* [Requirement]:
Only the lines from the line containing "Incorporating a secret" to the end of the material belong in the copy; set them down exactly, without pictures.

* [Data segment]:
+===+

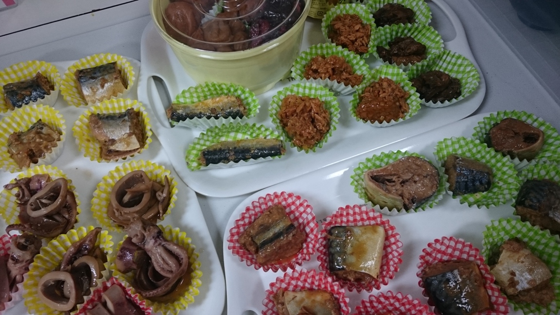 塩おむすびにして、ご支援で頂いた缶詰め、瓶詰めから
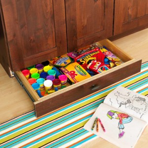 Incorporating a secret drawer in the toekick of cabinets makes a great station for kids to store their supplies. It’s easy for them to access and out of your way, as long as it’s closed.
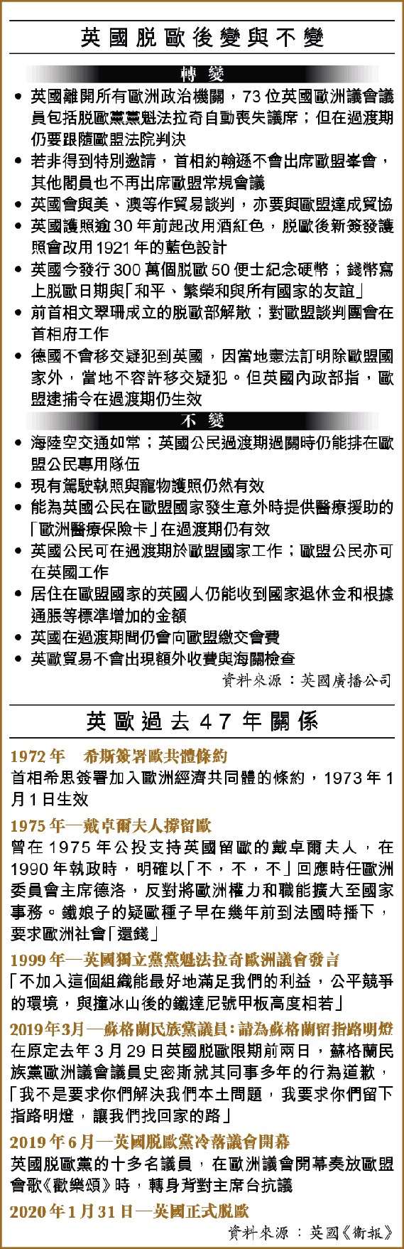 英國脫歐時間訂為布魯塞爾時間今晚12時,亦即是英國時間今晚11時,本港時間明早7時,屆時歐盟所有辦公室都會除下英國旗,英國的官方機構亦會降下歐盟旗。但除英國退出歐盟機構外,民眾實際生活變化不大,因為脫歐協議規定了直至今年年底的過渡期,雙方人員流動和經貿安排基本上維持現狀。

+===+

* [Output of the exercise]:
 Incorporating a secret drawer in the toekick of cabinets makes a great station for kids to store their supplies. It’s easy for them to access and out of your way, as long as it’s closed.
 英國脫歐時間訂為布魯塞爾時間今晚12時,亦即是英國時間今晚11時,本港時間明早7時,屆時歐盟所有辦公室都會除下英國旗,英國的官方機構亦會降下歐盟旗。但除英國退出歐盟機構外,民眾實際生活變化不大,因為脫歐協議規定了直至今年年底的過渡期,雙方人員流動和經貿安排基本上維持現狀。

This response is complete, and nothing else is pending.